Ni siquiera Leonardo da Vinci fue perfecto. Era un genio, pero no era rápido. Como pintar al fresco requería diligencia, el creador italiano se inventó una técnica que le permitió espaciar las pinceladas sobre el mural del refectorio del convento de Santa Maria delle Grazie, en Milán, para legar una última cena (Il cenacolo) repleta de enigmas. También de imperfecciones, ya que su técnica fue incapaz de envejecer con brío y contribuyó a deslucir la obra tanto como el tiempo, las peripecias históricas y algunas restauraciones.
La última cena consumió cuatro años de la vida del polifacético inventor y artista (Vinci, 1452-Cloux, 1519). A veces pasaba días enteros corroído por un frenesí creativo, a veces miraba durante horas lo que había pintado. Sabía mirar. Saber mirar es una cualidad perdida hoy, en opinión de Peter Greenaway (Newport, 1942), el cineasta mira durante 20 minutos la obra de Da Vinci bajo otra luz. Mira donde no se mira y dedica a ello el tiempo que no se dedica. Es el segundo diálogo, como él los ha bautizado, que establece con una obra maestra, tras el vídeo sobre La ronda nocturna, de Rembrandt en el Rijksmuseum de Ámsterdam (Holanda), que luego le inspiró una película mal recibida por la crítica. El galés ha puesto sus ojos ahora sobre dos iconos españoles -Las meninas y el Guernica.

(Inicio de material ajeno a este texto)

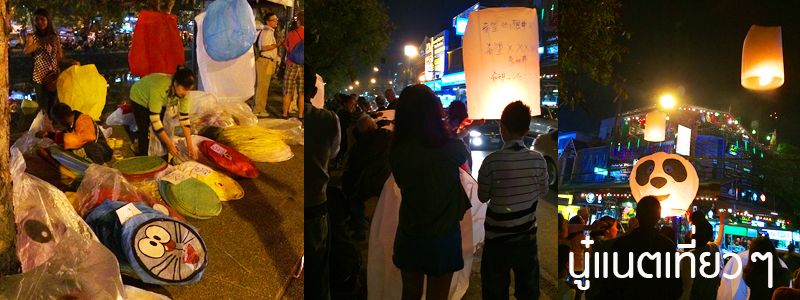 วันนี้เห็นคนมาขายโคมลอยและลอยโคมกันเยอะ ก็เดินดูไปเรื่อยๆ เห็นมีแบบตัวการ์ตูนหรือมีข้อความเขียนอยู่บนโคมลอยด้วย

Para el refectorio de los dominicos de Milán, Leonardo eligió recrear un momento sublime, el instante en el que Jesucristo, a la mesa junto a sus 12 apóstoles, acaba de decir: «Uno de vosotros me traicionará«. Da Vinci necesitó cuatro años para pintar esta instantánea, una foto efímera que muestra la reacción de 12 almas ante un quiebro inesperado.
Greenaway precisó dos para obtener permisos para trabajar sobre este icono del arte, para crear 20 minutos audiovisuales que ayudan a buscar pistas sobre el mantel, a escudriñar si algo esconden los pies bajo la mesa y a descifrar las emociones que ha desatado en cada discípulo la brutal profecía. La luz acentúa estupores, iras, inseguridades. También el puñal a la espalda que esconde Pedro y la mano derecha de Judas apretando la bolsa de monedas por las que vendió a su jefe. Y una y otra vez se resaltan las manos mientras se oscurece todo lo demás, como si leyendo en las palmas abiertas se pudiese descifrar algo.